Beginning with the line that contains "Compute the hyperbolic", retype the entries below exactly, ending with the line that contains "Lora Hristova (front)". Leave out any pictures.

• [Data provided]
+ + +

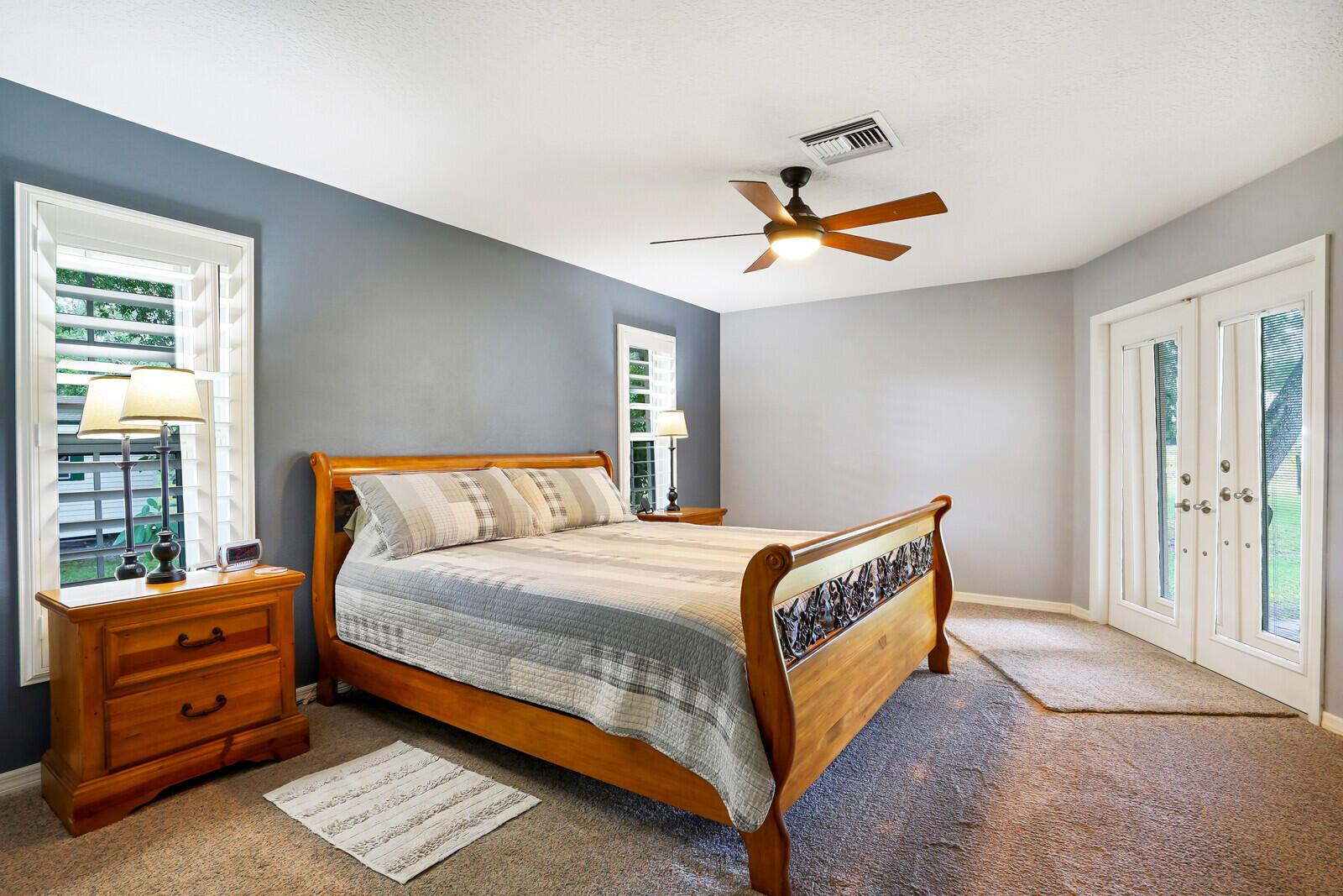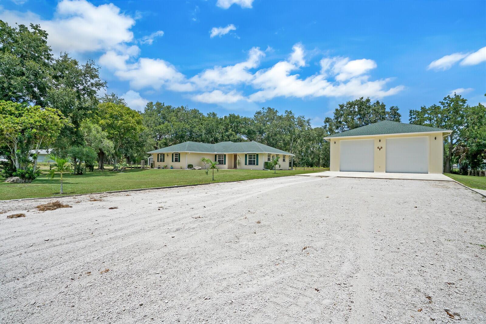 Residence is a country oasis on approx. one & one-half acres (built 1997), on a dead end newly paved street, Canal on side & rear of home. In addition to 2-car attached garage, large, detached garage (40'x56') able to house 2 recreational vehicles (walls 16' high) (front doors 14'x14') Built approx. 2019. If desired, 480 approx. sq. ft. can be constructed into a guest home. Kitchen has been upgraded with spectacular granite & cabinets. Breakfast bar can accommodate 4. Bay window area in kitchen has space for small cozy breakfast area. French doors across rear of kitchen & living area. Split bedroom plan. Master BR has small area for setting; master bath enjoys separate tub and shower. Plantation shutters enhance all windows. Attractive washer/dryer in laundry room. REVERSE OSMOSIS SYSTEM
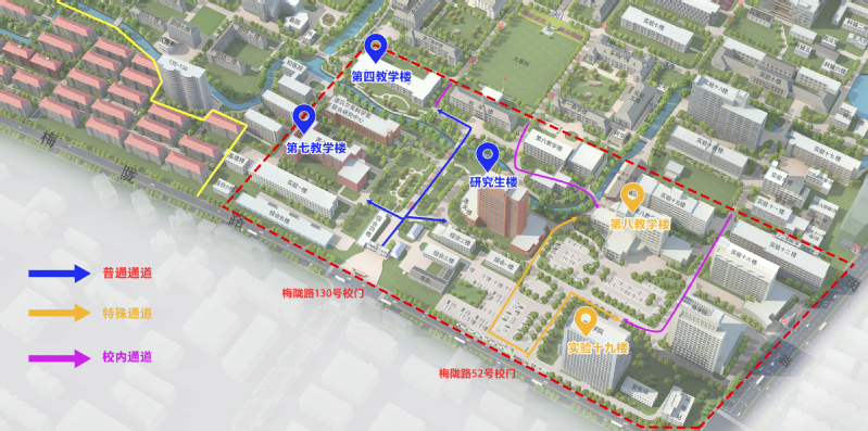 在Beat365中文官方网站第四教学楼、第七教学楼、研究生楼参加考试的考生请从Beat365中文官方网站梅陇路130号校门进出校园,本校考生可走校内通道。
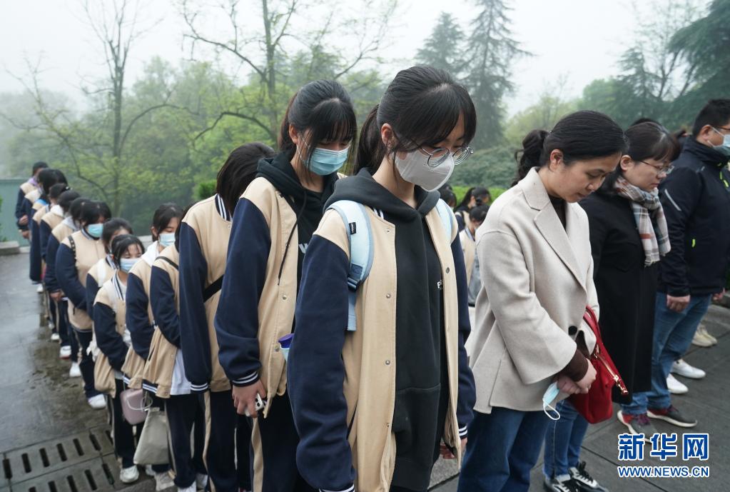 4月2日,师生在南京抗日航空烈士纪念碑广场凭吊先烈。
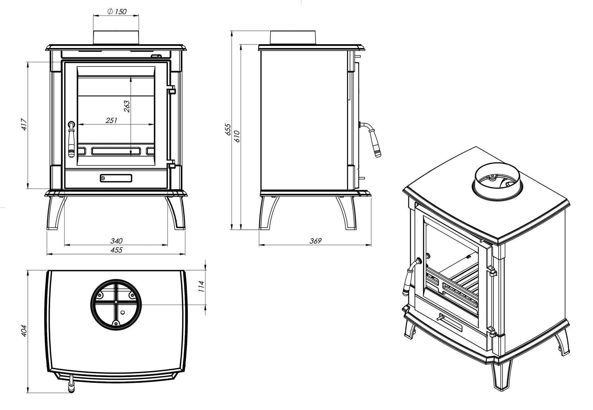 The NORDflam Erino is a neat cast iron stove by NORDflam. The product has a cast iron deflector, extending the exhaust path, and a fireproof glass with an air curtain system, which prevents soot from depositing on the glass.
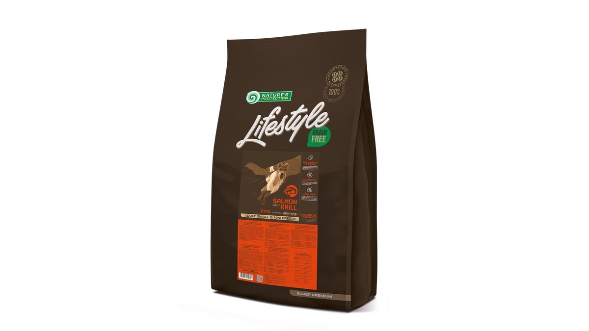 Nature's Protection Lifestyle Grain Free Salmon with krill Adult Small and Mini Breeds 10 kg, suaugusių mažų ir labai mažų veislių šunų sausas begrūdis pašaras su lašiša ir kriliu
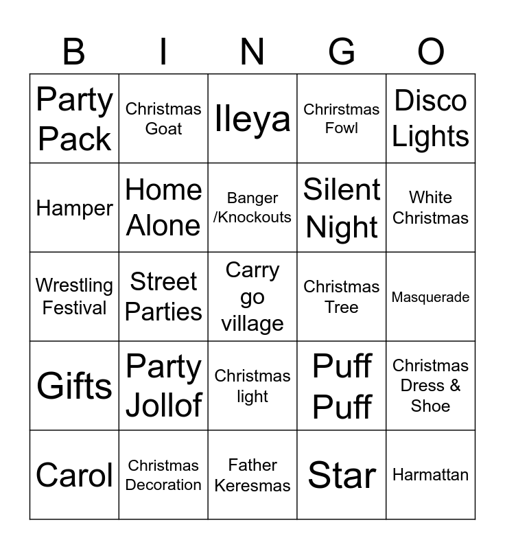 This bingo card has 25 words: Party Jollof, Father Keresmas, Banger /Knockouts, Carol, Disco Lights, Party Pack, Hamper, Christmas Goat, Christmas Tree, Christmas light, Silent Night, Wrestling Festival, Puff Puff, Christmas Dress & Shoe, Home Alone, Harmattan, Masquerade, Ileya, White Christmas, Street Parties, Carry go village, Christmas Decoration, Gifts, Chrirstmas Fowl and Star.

+ + +

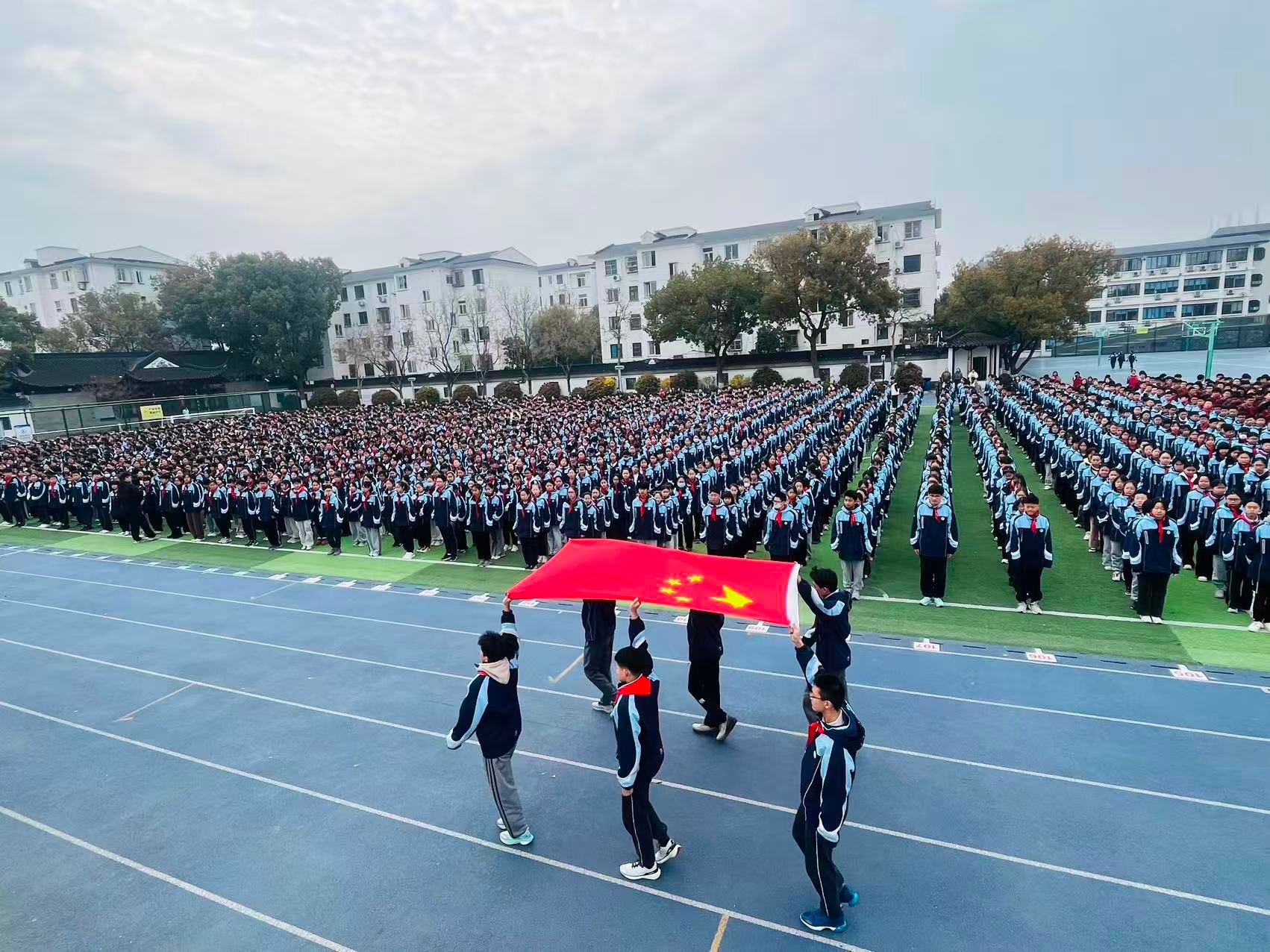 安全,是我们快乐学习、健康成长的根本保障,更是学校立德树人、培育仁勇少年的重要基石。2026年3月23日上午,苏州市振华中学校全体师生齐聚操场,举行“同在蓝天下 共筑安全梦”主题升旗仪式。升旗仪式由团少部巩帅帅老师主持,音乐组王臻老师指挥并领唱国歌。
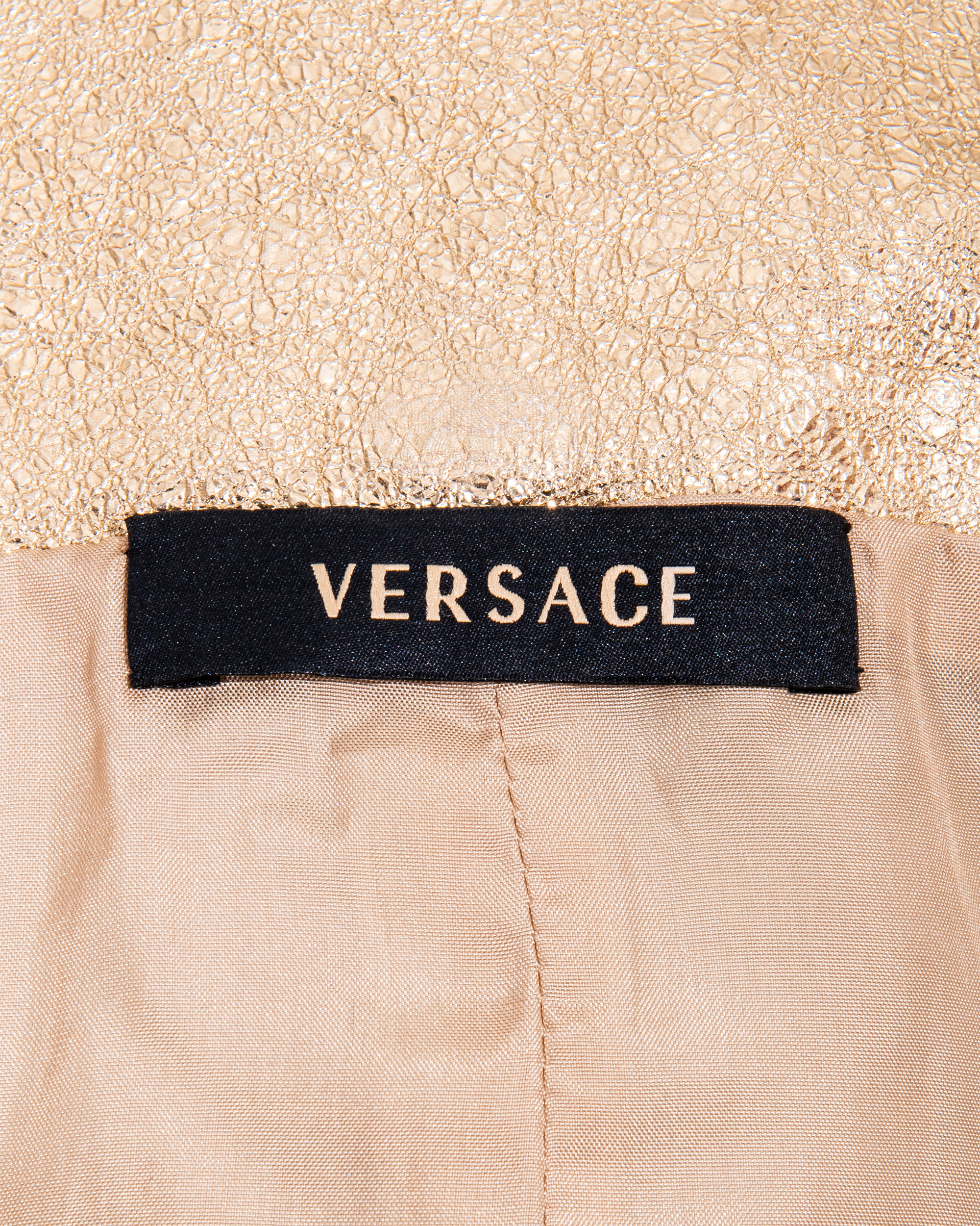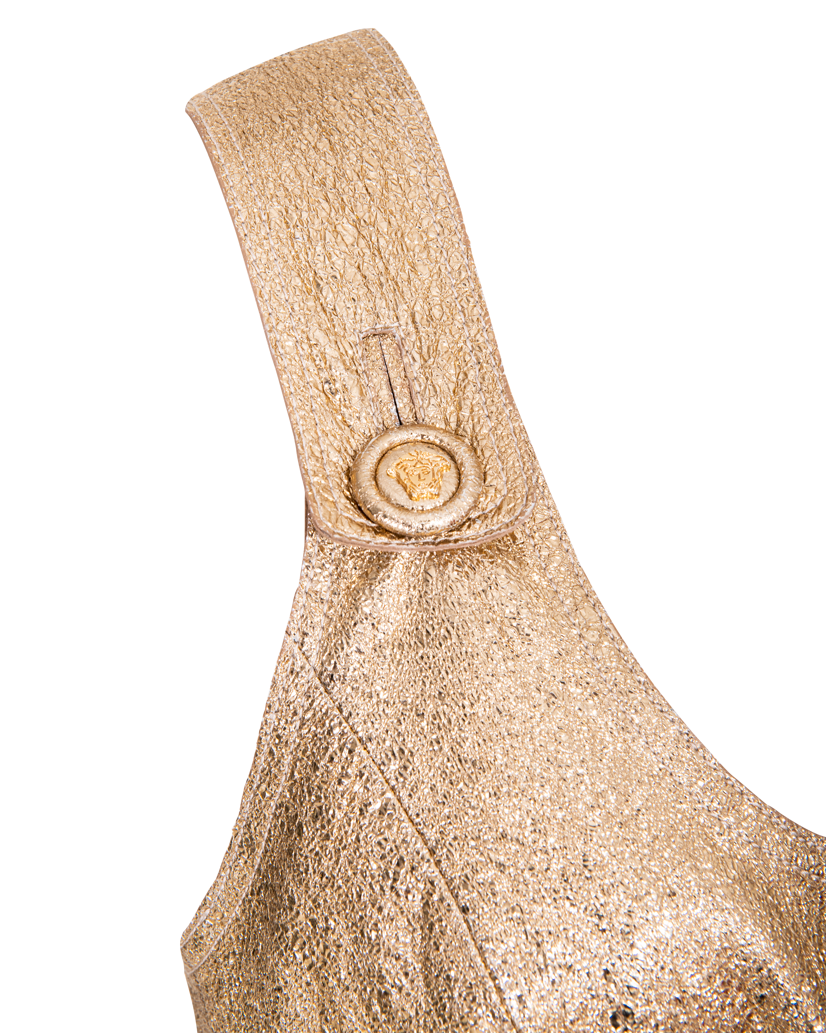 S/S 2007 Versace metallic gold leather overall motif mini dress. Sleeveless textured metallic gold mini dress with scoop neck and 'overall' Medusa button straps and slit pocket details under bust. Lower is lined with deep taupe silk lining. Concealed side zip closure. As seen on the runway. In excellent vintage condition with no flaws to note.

+ + +

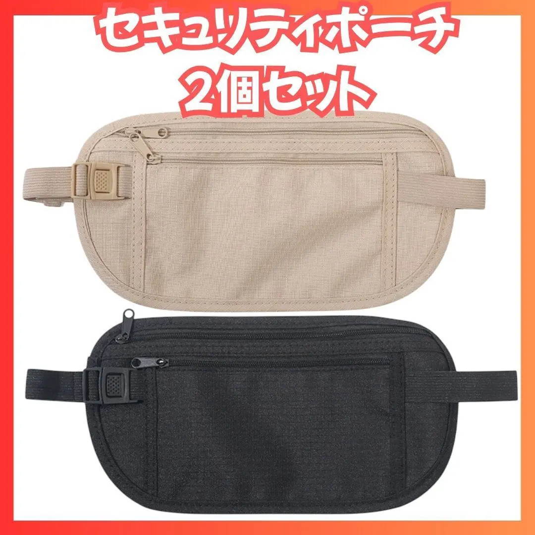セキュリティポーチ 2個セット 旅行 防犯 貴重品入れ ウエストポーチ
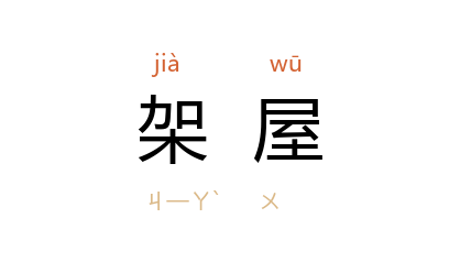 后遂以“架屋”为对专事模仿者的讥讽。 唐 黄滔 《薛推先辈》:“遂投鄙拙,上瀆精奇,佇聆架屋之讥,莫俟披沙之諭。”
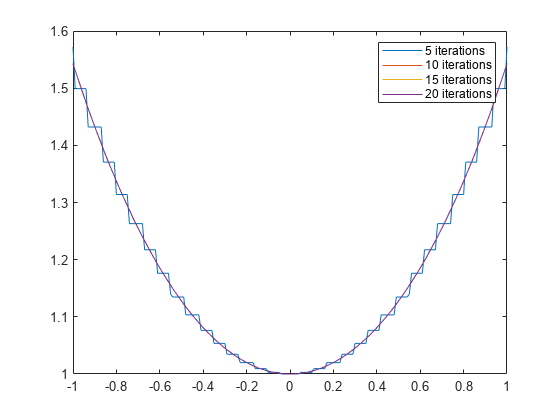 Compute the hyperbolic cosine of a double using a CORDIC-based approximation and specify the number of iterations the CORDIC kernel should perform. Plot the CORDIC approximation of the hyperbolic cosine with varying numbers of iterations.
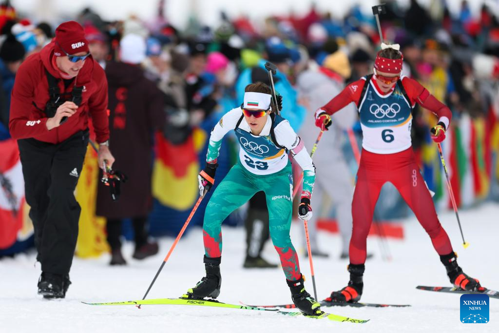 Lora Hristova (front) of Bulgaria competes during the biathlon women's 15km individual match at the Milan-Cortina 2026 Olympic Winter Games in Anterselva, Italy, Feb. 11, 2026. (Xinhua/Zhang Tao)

+ + +

• [Task response]
 Compute the hyperbolic cosine of a double using a CORDIC-based approximation and specify the number of iterations the CORDIC kernel should perform. Plot the CORDIC approximation of the hyperbolic cosine with varying numbers of iterations.
 Lora Hristova (front) of Bulgaria competes during the biathlon women's 15km individual match at the Milan-Cortina 2026 Olympic Winter Games in Anterselva, Italy, Feb. 11, 2026. (Xinhua/Zhang Tao)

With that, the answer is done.